In contrast to post-quantum cryptography, which focuses on securing classical crypto constructs against quantum adversaries, the general field of quantum cryptography broadly explores what can be achieved when the honest parties also have quantum power. As a well-known example, quantum-key distribution (QKD) enables secure communication with information-theoretic security, which is impossible classically. As another example, when the data becomes quantum, a natural question is whether we can encrypt quantum data and perform computation over encrypted quantum data as for the classical data. While such research may not become practical in the foreseeable future, quantum cryptography is an exciting multidisciplinary field that combines state-of-the-art techniques from cryptography, quantum physics, complexity theory, and information theory. In turn, quantum cryptography also provides a rich context to develop deep insights and new techniques to advance the study of these fields.

Dr. Kai-Min Chung is a theorist who has worked on various theoretical aspects in (post-)quantum cryptography for nearly a decade. He has served on the program committee of major international cryptography conferences such as CRYPTO, Eurocrypt, Asiacrypt, QCrypt, and TCC. Besides the theoretical topics on post-quantum cryptography mentioned above, he has worked on several topics in quantum cryptography, such as device-independent cryptography, secure multiparty quantum computation, and classical delegation of quantum computation, and used techniques from quantum cryptography to answer conjectures in quantum complexity theory. We highlight two of these research works below.
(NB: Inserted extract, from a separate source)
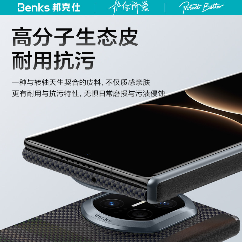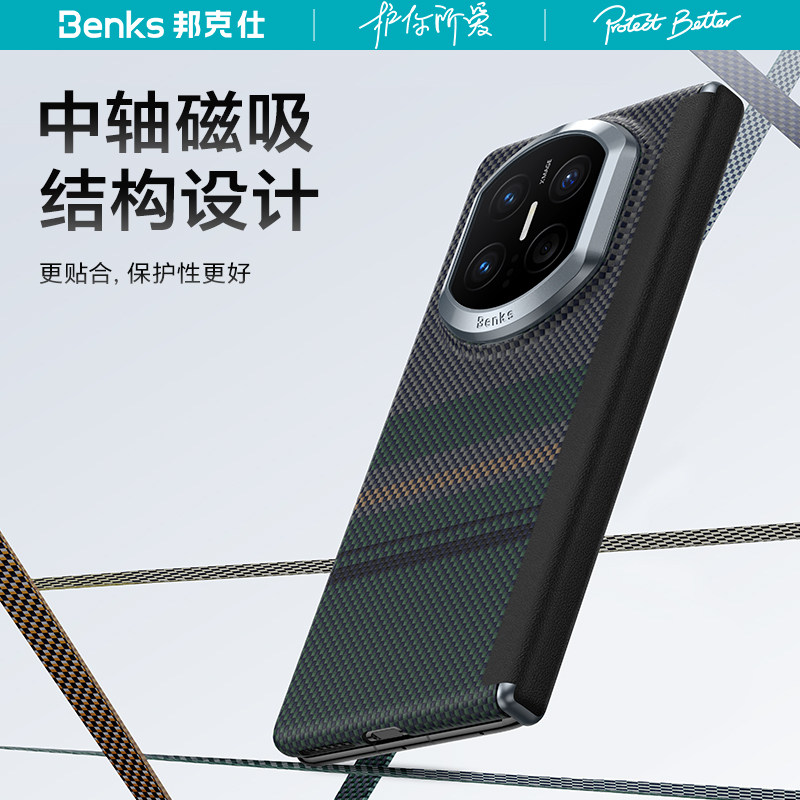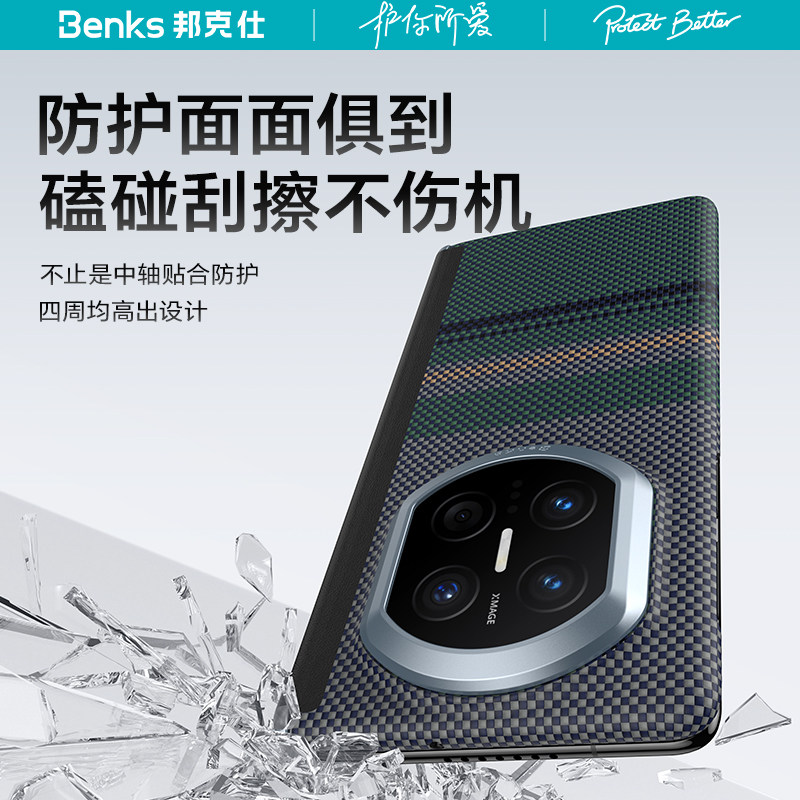 Benks适用华为Matex7凯芙拉手机壳中轴铰链磁吸保护壳X6新款极光超薄X5折叠典藏版凯夫拉碳纤维简约商务男士

The first work is on the topic of device-independent cryptography, which designs protocols for classical parties to securely exploit the quantum power of untrusted quantum devices. Our work on this topic constructed the only device-independent randomness amplification (DI-RA) protocol under provably minimal assumptions. Specifically, the DI-RA protocol can certifiably generate truly random bits given a weak source with sufficient min-entropy without any structural assumptions. In contrast, other existing works require structured Santha-Vazirani sources and certain conditional independence assumptions. Our protocol also implies a strong form of a dichotomy theorem on the intrinsic randomness in fundamental physics asserting that either our Nature is fully deterministic, or totally unpredictable events certifiably exist in Nature.

Our recent work develops techniques in quantum cryptography to study the power of classical-quantum hybrid computation with low-depth quantum computation, and answer conjectures by Scott Aaronson and Richard Jozsa. Given that quantum computation will be restricted to have low depth, such hybrid models capture the computation power available in the near term, but the power of such hybrid models is unclear. Jozsa conjectured in 2006 that any polynomial-time quantum computation can be simulated in a hybrid model motivated by measurement-based quantum computation. On the other hand, Aaronson conjectured an oracle separation between BQP and another type of hybrid model (first mentioned in 2005, and also in 2011 and 2014). Building on techniques from quantum cryptography, we showed an oracle separation between BQP and both hybrid models. Our results proved Aaronson’s conjecture and showed that Jozsa’s conjecture cannot hold relative to oracles.